With the onset of the pandemic in March of this year, many people lost their jobs. While some of those have been able to return to work, many others are still unemployed. It’s not because they don’t want to work. The fact is, there isn’t appropriate work for them. And it is in this environment that governments are looking and talking and thinking more carefully about a guaranteed basic income, which would ensure everyone an income sufficient to meet basic needs and live with dignity, regardless of work status.

Now please don’t conclude that I’m inferring that this story is about guaranteed basic income. I’m not. I do believe, however, that one way of understanding the householder’s actions in paying his workers was based on an idea of just compensation, where fairness is balanced by need.
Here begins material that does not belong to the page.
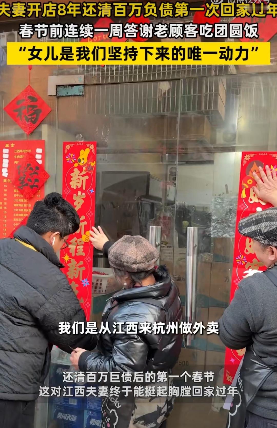 果然无债一身轻!浙江杭州,一对夫妻做生意失败后开了一家小店,从此以后每天都围在灶台前,连大年初一都不敢休息,只为还上百万的欠债,忙了8年两人做到了,终于能回老家过年了 杭州的一家小吃店里,深夜的灯光显得格外昏黄。并不宽敞的桌面上,那台磨得有些发亮的计算器终于归零了。 这对袁姓夫妻并没有欢呼,只是长长地舒了一口积压在胸口八年的浊气。哪怕窗外是寒冬腊月,这一刻的空气想必也是滚烫的。 一百万元。这不是银行流水里冰冷的数字,而是过去两千九百多个日夜里,压在这家人脊梁上的一座大山。 就在今年春节前夕,这张巨额账单终于变成了过去式。夫妻俩合上账本的那一刻,才是他们真正意义上的“过年”。 八年前,命运给这个家庭开了一个残酷的玩笑。生意场上的惨败,叠加女儿脑瘫需要长期治疗的重担,瞬间把这个江西家庭推入了百万负债的深渊。 那时候摆在他们面前的或许有无数条逃避的路,毕竟“老赖”在这个时代并不罕见。但这对夫妻选了最笨、最苦、也是最硬的一条路:背井离乡,去杭州,用一碗碗小吃把尊严赎回来。 你很难想象这种“赎身”的日子是怎么过的。这不是生活,这是一场针对时间的极限掠夺。 在这个讲究“躺平”的年代,他们把自己活成了不知疲倦的齿轮。每日凌晨四点,整座杭州城尚在酣眠之中,万籁俱寂。而他们店铺的卷帘门已悄然拉起,打破夜的静谧,开启新一天的营生。直到深夜街头无人,灶台的火才熄灭。 普通人眼里的日历有红色的节假日,但在他们的世界里,日历只有黑色的工作日。一年365天,他们能在店里守上360天。 甚至连往年的大年初一,那个本该走亲访友、哪怕是睡个懒觉的日子,他们也不敢停。因为每一天的停摆,都意味着那个天文数字的债务会晚一天清零。 这不仅仅是体力的透支,更是对意志力的漫长凌迟。周遭商铺的老板更迭不断,如流水般来来去去。然而,唯有他们这家店的灯,似一枚坚韧的钉子,稳稳地扎根在街角,于时光流转中坚守着。 支撑他们熬过这漫长八年的,除了还债的执念,还有一个更为沉重的“物理支点”。 23岁的女儿,因为脑瘫无法独立行走。在这漫长的岁月里,父亲袁先生的双臂,就是女儿的双腿。 从女儿还是个孩童,到如今长成大姑娘,这位父亲充当了整整23年的“人肉拐杖”。每日收工,即便身体疲惫不堪,他也始终如一地将女儿轻拥入怀,带着她一步一步地练习走路,风雨无阻,从未间断。 那是怎样一种重量?不仅是身体的负重,更是心理的负重。但他那双胳膊,从未缺席过哪怕一天。 好在,这个世界终究是守恒的。当你咬牙死磕的时候,光真的会照进来。 就在债务即将清零的关口,一家爱心企业送来了助行器。当女儿第一次脱离父亲的怀抱,靠着器械颤颤巍巍却独立站立的那一刻,全家人的眼眶都红了。 这不仅是肢体的站立,更是这个家庭人格的“站立”。 债还完了,人自由了。夫妻俩做的第一件事,却不是急着享受,而是摆了几桌热气腾腾的“团圆饭”。 他们请来了这些年光顾生意的老顾客,全部免费。这顿饭吃的是情义。他们心里门儿清:这一百万的坑,是靠自己一勺一勺填平的,但也离不开这些食客日复一日的帮衬。 这才是最让人动容的地方。在泥潭里挣扎了八年,他们没有变得冷漠乖戾,反而把心捂得更热了。 今年春节,这辆回江西老家的车,载重应该比往年轻得多。 以前过年回老家,那是“身在曹营心在汉”,每一秒的欢聚背后都藏着算计和焦虑。而这一次,是一场彻底的“清零重启”。 车窗外的风景没变,但看风景的人心境变了。对于袁家来说,风雨已经停了。 这种在绝境中不逃避、不认怂,硬是用双手把烂牌打出结局的故事,比任何宏大的叙事都更具力量。 所谓的“无债一身轻”,不是因为钱没了,而是因为脊梁骨终于可以毫无负担地挺直了。祝福这一家人,往后的日子,只剩坦途。
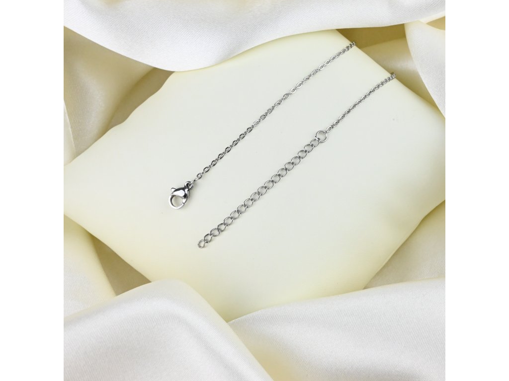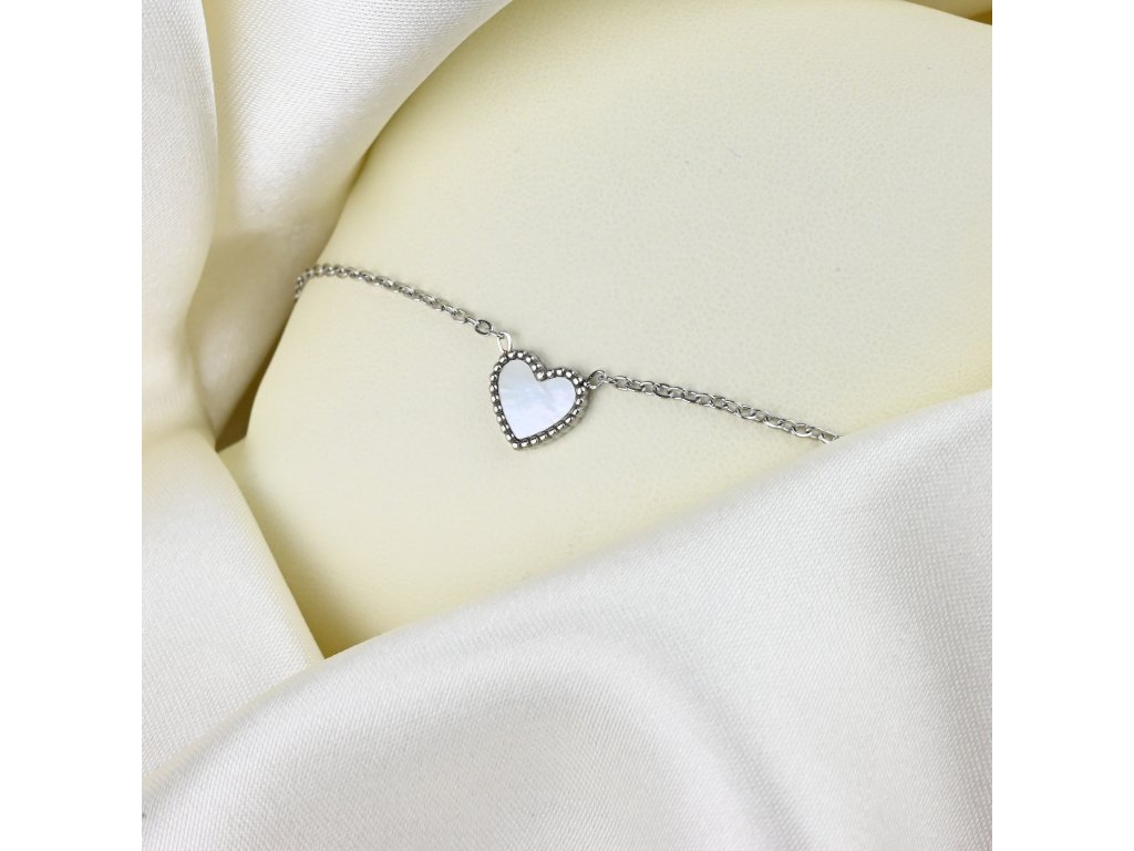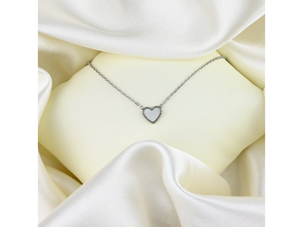 Náhrdelník má jemný řetízek, který je zakončen přívěskem ve tvaru srdce. Srdce je vyplněno perletí, což dodává šperku jemný a sofistikovaný vzhled. Délka náhrdelníku je nastavitelná v rozmezí 46–51 cm, což zajišťuje pohodlné nošení a univerzální využití.

He understood that every one who assembled each morning with hope to be employed was in need of work to pay for the necessities of living. There were mouths to feed, shelter to be had.

Perhaps the crucial purpose in this and many of Jesus’ parables of the kingdom was to teach consistently and repeatedly about the person and nature of God; to help the listener see and know that God is a God of grace; that God’s unconditional love, and unfailing mercy, are gifts that we can never earn. There is nothing to earn—we don’t have to do more or be better in order to ensure that God loves us, because God loves us completely already. And for this we can say, thanks be to God!